My very first embedded Forth was on the R6511AQ chip where I bought and cloned the RSC-Forth ROMs and modified the machine code by hand. I think I could still read R6502 machine code to this day
RSC-Forth was based on Fig Forth but used vectors for (EMIT) and (KEY) and also (KEY?) IIRC. I used this extensively in my POS terminal designs where output would be redirected to displays and printers and even video. When I eventually created my own fresh source years later it was for the 65C816 (and then for the 65C02 for a volume product). Because I was used to using vectors and they were so useful, I used the same technique in my Forth. One thing I did was standardize the character coding so that for example a "clear screen" character would work the same across all output devices. I later enhanced this Forth to work with the M37702 which was a super-set of the 65C816, and used this MCU in many products for many years.

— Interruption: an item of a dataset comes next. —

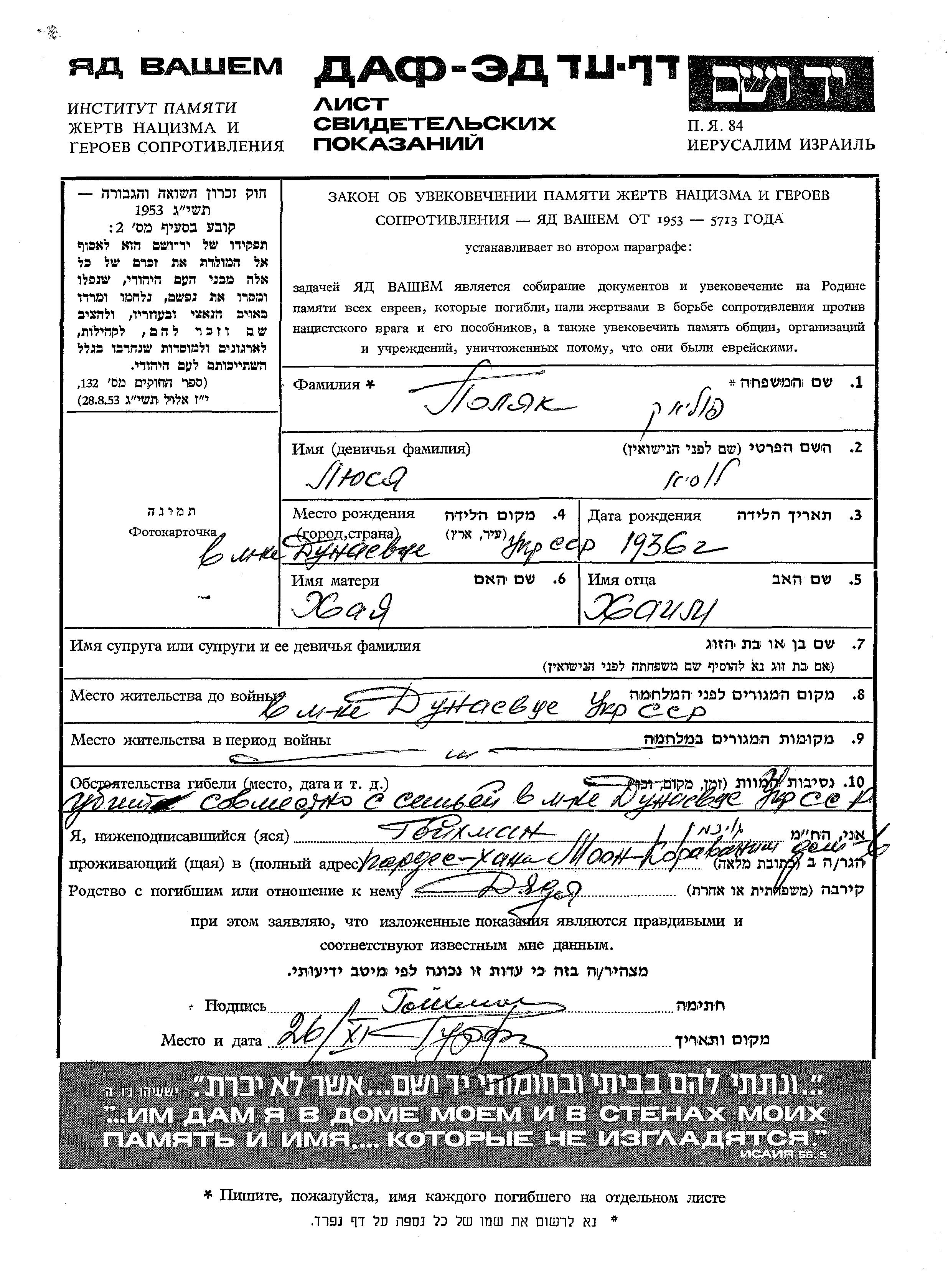 Lyusia Polack wurde im Jahr 1936 in Dunayevtsy, Ukraine (UdSSR) geboren. Vor dem Zweiten Weltkrieg lebte sie in Dunayevtsy, Ukraine (UdSSR).

Nowadays I mainly work with the Parallax Propeller chip, especially the new P2 and this technique has been carried through from all my embedded products. I find though that some of the complicated command channel stuff I did by sending data to the (KEY) vector (one of which was to actually read input) etc is no longer necessary. I just have (EMIT) and (KEY) but KEY always returns a null if there is no input, and if it a raw binary device that could send a 00 then I simply OR it with $100. So KEY is non-blocking and instant, it is never trying to wait for input.
With (EMIT) it is always a blocking emit because I find that no matter how much buffering I might have, it is easy to fill that buffer so most of my output stuff is no buffered and way more efficient, especially if I use high baud rate for serial etc.
So the main takeaway is that there is no KEY? word, just KEY, and if it returns a zero then there is no input. However, KEY and especially EMIT are normally two good places for PAUSE because most I/O is inherently slow.
So, one day I will like to revisit the 65C02/65C816 and write a brand new Forth that embodies many of the techniques and things I have learned over the years.
BTW, there is no PAUSE in my multi-core Tachyon Forth on the Parallax P1 and P2 simply because each task can have its own CPU.